P/1 – Não tem problema. Tenho uma pergunta. Eu queria saber da receita. Quem é que faz a coxinha, o frango, como é que foi surgindo?
R – O frango foi uma receita que um camarada lá que... Na verdade eu nem sei direito de onde veio essa receita, para te ser honesto, porque foi um sujeito lá que... meu pai é que sabe melhor, ele acho que é um cara que chegou a ir trabalhar um pouco lá no bar, ele tinha uma receita de uns temperos e eles colocaram algumas coisas a mais. Essa receita acho que tem dez ou onze temperos. É uma marinada, e o frango fica lá um dia pelo menos nessa marinada de tempero. Porque o frango é um bicho que, principalmente o peito, é uma carne que se você não puser um pouco de tempero ele fica meio sem graça, na minha opinião. E jogar só sal grosso não rola, é diferente de uma carne de boi que você coloca ali o sal e aquilo fica fantástico. Mas se eu não me engano foi um italiano que chegou a trabalhar um pouco lá, isso eu não tenho certeza não sei te dizer, mas isso foi coisa do meu pai. A coxinha foi uma receita que a minha mãe tinha e o que nós fizemos lá foi dar uma melhorada nela e uma adaptada a algumas questões como aquelas que eu falei da fritura, do tamanho e tudo mais. O catupiry, quando eu estava colocando catupiry, no começo a gente misturava o catupiry.
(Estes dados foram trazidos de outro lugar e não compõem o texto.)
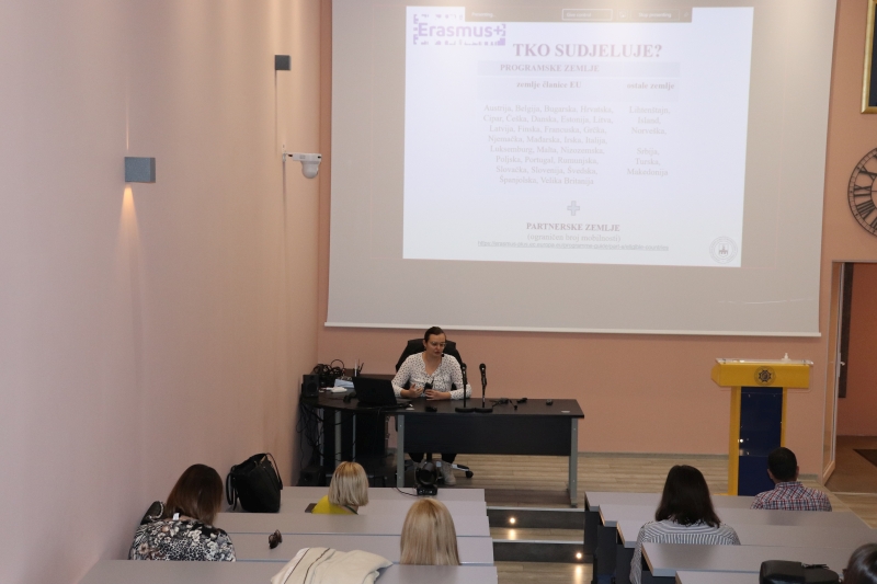 Josipa Pleša, stručna suradnica za Erasmus+ mobilnost Sveučilišta J. J. Strossmayera u Osijeku, educirala je sve zainteresirane studente o postupku prijave na Natječaj za ostvarivanje mobilnosti. Demonstrirala je potrebne obrasce te ukazala studentima na popis inozemnih učilišta na kojima mogu ostvariti mobilnost. Pozvala je studente koji imaju nedoumica da, nakon proučavanja objavljenih uputa i obrazaca, kontaktiraju Erasmus+ koordinatore Fakulteta, a po potrebi i Sveučilišta, kako bi se u što kraćem roku saznale sve potrebne informacije te uspješno ostvarila mobilnost. U zaključku, naglasila je kako je u tijeku natječaj za studentsku mobilnost za ljetni semestar te je pozvala studente Fakulteta da sudjeluju u ovom nezaboravnom i nezamjenjivom iskustvu.
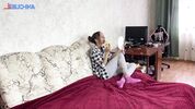 Брат выручил мартышку-сестру своим хуем, чтобы она тренировалась в минете
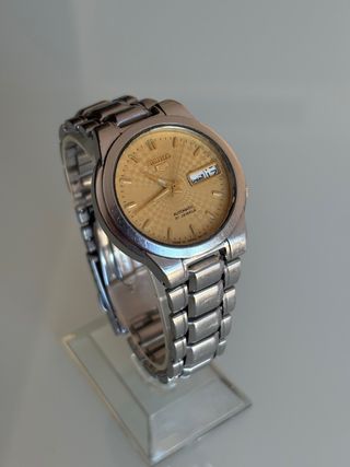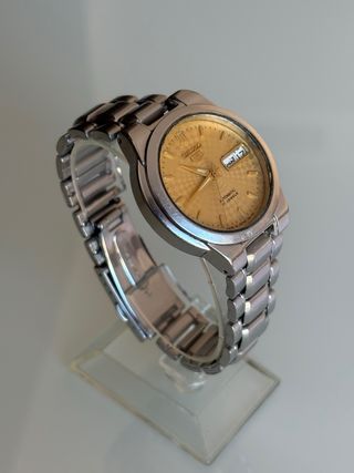 Reloj Seiko 5 automático con esfera dorada texturizada, un diseño muy atractivo y difícil de encontrar. Monta el fiable calibre 7S26, uno de los movimientos más reconocidos de Seiko por su durabilidad y sencillez de mantenimiento. Por antigüedad se recomienda una revisión general para dejarlo fino. Totalmente original en todas sus piezas, incluido el brazalete Seiko 5 con cierre firmado. Características • Marca: Seiko • Modelo: Seiko 5 • Calibre: 7S26 (automático, 21 rubíes) • Movimiento: Automático • Esfera: Dorada texturizada estilo “waffle” • Día/Fecha árabe/inglés • Brazalete Seiko 5 original • Diámetro aprox.: 36 mm
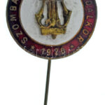 ~1920-1930. „Szombathelyi Cipész Dalkör 1920” zománcozott bronz dalos kitűző (25mm) T:AU / Hungary ~1920-1930. „Szombathely Shoemaker’s Singing Circle 1920” enameled bronze pin (25mm) T:AU
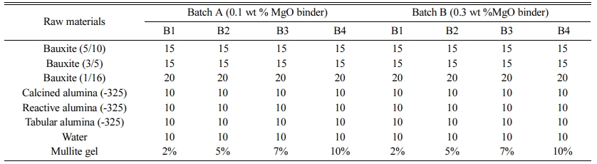 The starting raw materials of the castables are different grades of bauxite, calcined alumina, reactive alumina, and tabular alumina with 0.1% and 0.3% of MgO as additives [12, 19, 20]. Table 1 shows the batch composition of the prepared raw materials.

Hoje, tem bares que fazem isso, mas as pessoas quando eu punha coxinha de frango com catupiry: “Ah, cadê o catupiry?”. Aí testa daqui, testa dali, bom, nós achamos, encontramos a receita ideal depois de alguns testes e o tamanho também. Mas fundamentalmente foi uma receita que a minha mãe tinha e a gente deu, digamos assim, um upgrade ali no bar, com a receita dela. Mas foi legal.
TROCA DE FITA
R – Qual é a pergunta mesmo?
P/1 – Eu perguntei da casa.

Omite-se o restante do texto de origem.